A valid verification for the effectiveness of zoning measures is an aggressive environmental monitoring plan to detect potential weaknesses in segregation before the microorganisms can enter the product stream. To date, no clear correlation can be established between any non-pathogenic microorganisms and Salmonella or any other pathogen, therefore, environmental monitoring needs to target the pathogen of concern. In order to render that program most effective, the sampling should focus on the most critical areas where pathogens would most likely be first detected when entering the facility, e.g. areas with increased moisture like drains, hand wash basins and high traffic areas. Also any deviation, i.e. positive finding, should trigger an in-depth investigation of the underlying root cause to allow for effective corrective actions. During such investigations, additional measures to continuously ensure the safety of the products should be considered. This could include, but is not limited to, tighter sanitation schedules, limiting traffic of people and materials, establishing additional sanitation measures for people and material movements.

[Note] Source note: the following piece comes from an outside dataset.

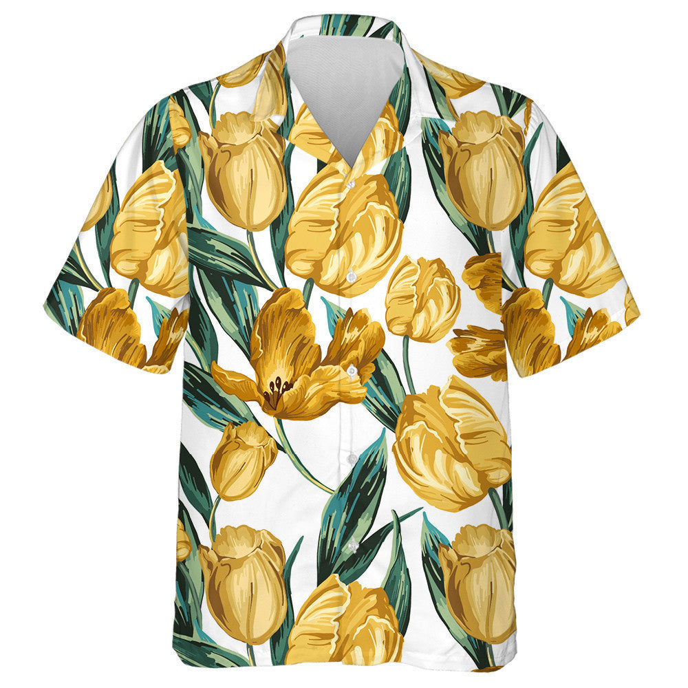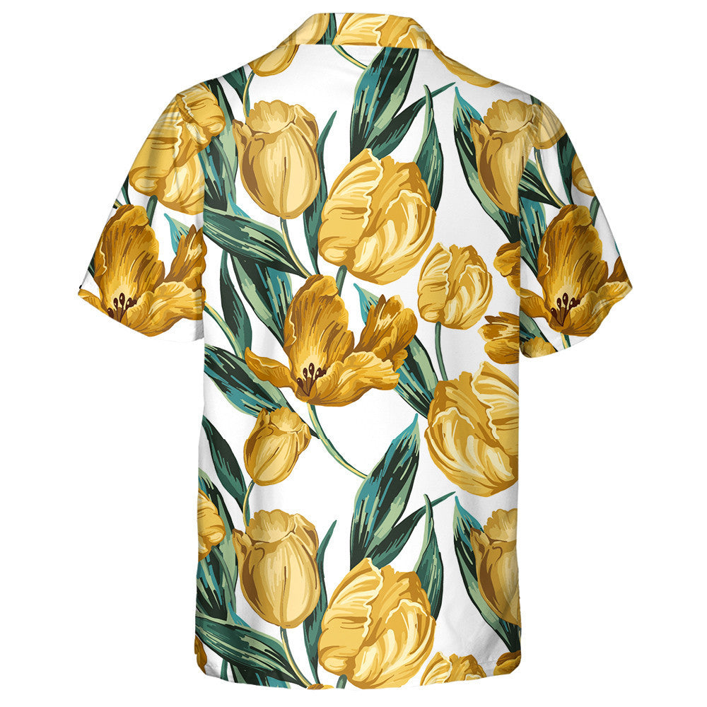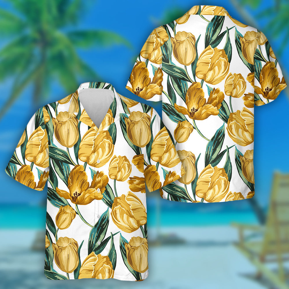 Tiúilipí Buí Uiscedhath Agus Duilleoga Glasa Dearadh Téamach Léine Haváí, Bronntanas Léine Haváís, Bronntanas Nollag

In summary, the microbiological safety of confectionery products can be ensured by consequent application of the HACCP concept and adherence to prerequisite programs to ensure a good manufacturing practice and agricultural practice, throughout the whole processing chain. This includes not only the final processing steps of making chocolate, but starts at the level – and sourcing – of raw agricultural materials used in chocolate-making, like cocoa and nuts. Microbial data can play an important role in the verification of implemented controls, but their validity and limitations need to be understood[41,42,43].

Finally, as a reaction to the recent outbreaks of Salmonellosis caused by low moisture products (almonds, peanut butter and products derived from peanuts), several documents related to the control of Salmonella in low moisture foods have been published in the USA[44,45,46,47] that provide useful guidance to the food industry.